**Records to process:**
*** Begin section ***

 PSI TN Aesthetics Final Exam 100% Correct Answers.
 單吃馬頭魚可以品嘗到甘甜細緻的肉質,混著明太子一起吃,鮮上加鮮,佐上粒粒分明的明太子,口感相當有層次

*** End section ***
*** Begin section ***

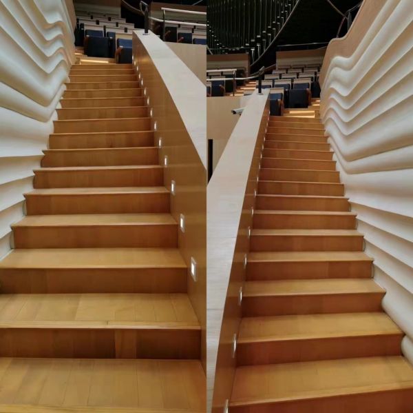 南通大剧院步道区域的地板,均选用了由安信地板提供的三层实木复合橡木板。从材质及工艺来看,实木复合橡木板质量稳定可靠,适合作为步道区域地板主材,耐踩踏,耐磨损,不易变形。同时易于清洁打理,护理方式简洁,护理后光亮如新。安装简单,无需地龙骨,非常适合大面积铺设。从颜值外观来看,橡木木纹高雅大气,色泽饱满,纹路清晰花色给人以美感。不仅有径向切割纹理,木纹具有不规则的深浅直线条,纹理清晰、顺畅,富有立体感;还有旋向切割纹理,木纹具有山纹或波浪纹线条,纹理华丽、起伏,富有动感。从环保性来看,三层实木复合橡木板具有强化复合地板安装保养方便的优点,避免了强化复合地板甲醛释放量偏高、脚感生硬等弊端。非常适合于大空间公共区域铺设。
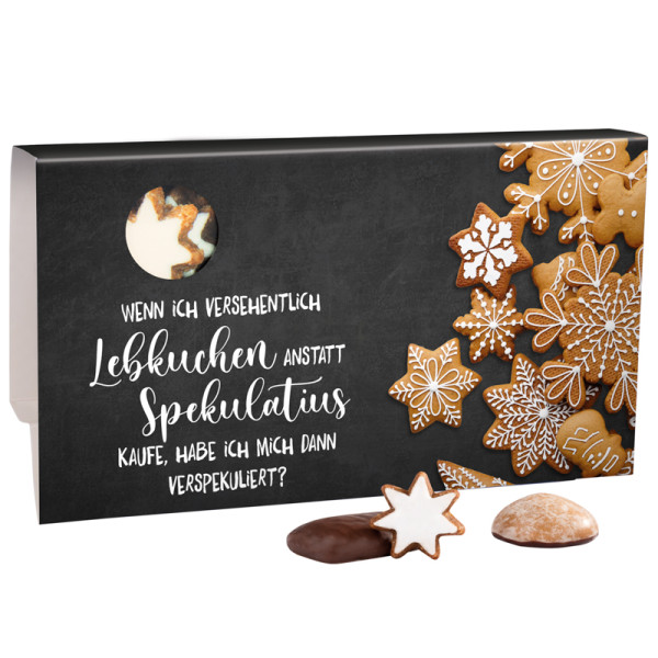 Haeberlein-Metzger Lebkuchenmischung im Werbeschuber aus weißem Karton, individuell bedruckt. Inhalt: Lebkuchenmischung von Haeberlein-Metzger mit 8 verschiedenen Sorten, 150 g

*** End section ***
*** Begin section ***

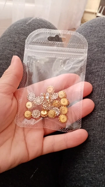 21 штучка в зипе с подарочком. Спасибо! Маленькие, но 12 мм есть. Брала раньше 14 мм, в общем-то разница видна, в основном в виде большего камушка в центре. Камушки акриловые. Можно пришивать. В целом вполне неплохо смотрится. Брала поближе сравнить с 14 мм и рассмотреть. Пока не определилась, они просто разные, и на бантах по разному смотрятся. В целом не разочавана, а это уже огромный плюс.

*** End section ***

**Task to carry out:** Reproduce exactly the stretch of the material above that starts at the line with "PSI TN Aesthetics" and ends at the line with "單吃馬頭魚可以品嘗到甘甜細緻", both included, and nothing else.

**Response for this exercise:**
 PSI TN Aesthetics Final Exam 100% Correct Answers.
 單吃馬頭魚可以品嘗到甘甜細緻的肉質,混著明太子一起吃,鮮上加鮮,佐上粒粒分明的明太子,口感相當有層次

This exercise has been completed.